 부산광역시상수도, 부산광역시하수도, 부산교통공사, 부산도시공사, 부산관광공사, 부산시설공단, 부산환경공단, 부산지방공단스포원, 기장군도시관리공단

---

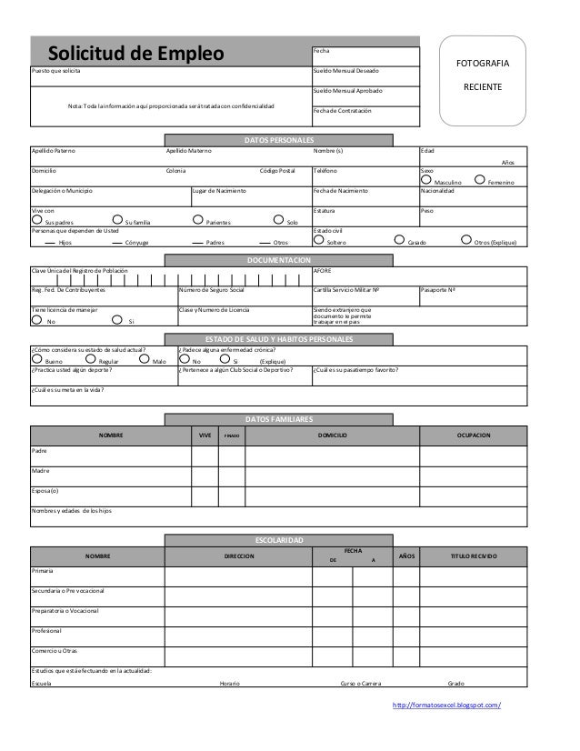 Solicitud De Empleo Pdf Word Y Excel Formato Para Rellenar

---

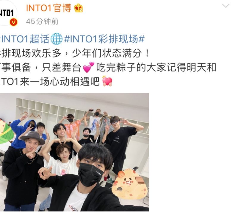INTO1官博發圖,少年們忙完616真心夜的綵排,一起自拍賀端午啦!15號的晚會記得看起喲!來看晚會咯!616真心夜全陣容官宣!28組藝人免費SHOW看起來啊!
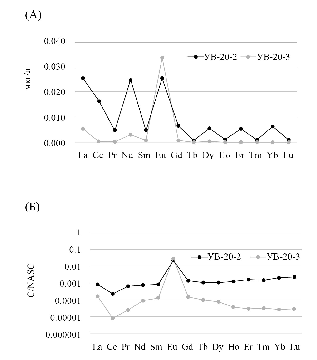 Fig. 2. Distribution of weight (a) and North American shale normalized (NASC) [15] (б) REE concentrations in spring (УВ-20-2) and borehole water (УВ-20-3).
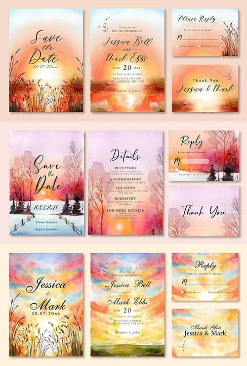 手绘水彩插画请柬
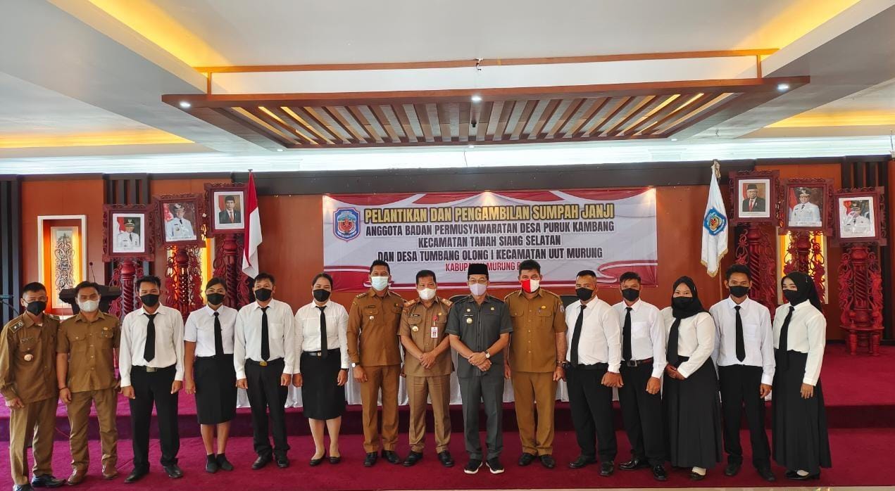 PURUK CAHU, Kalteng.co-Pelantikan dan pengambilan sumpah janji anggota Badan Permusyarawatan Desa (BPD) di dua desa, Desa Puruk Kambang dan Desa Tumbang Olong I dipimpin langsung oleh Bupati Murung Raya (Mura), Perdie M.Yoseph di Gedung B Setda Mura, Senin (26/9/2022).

§ What to work on:
In the records above, copy exactly everything from the line that has "Fig. 2. Distribution" down to the line that has "PURUK CAHU, Kalteng.co-Pelantikan", both ends included, and leave out the pictures.

§ Exercise result:
 Fig. 2. Distribution of weight (a) and North American shale normalized (NASC) [15] (б) REE concentrations in spring (УВ-20-2) and borehole water (УВ-20-3).
 手绘水彩插画请柬
 PURUK CAHU, Kalteng.co-Pelantikan dan pengambilan sumpah janji anggota Badan Permusyarawatan Desa (BPD) di dua desa, Desa Puruk Kambang dan Desa Tumbang Olong I dipimpin langsung oleh Bupati Murung Raya (Mura), Perdie M.Yoseph di Gedung B Setda Mura, Senin (26/9/2022).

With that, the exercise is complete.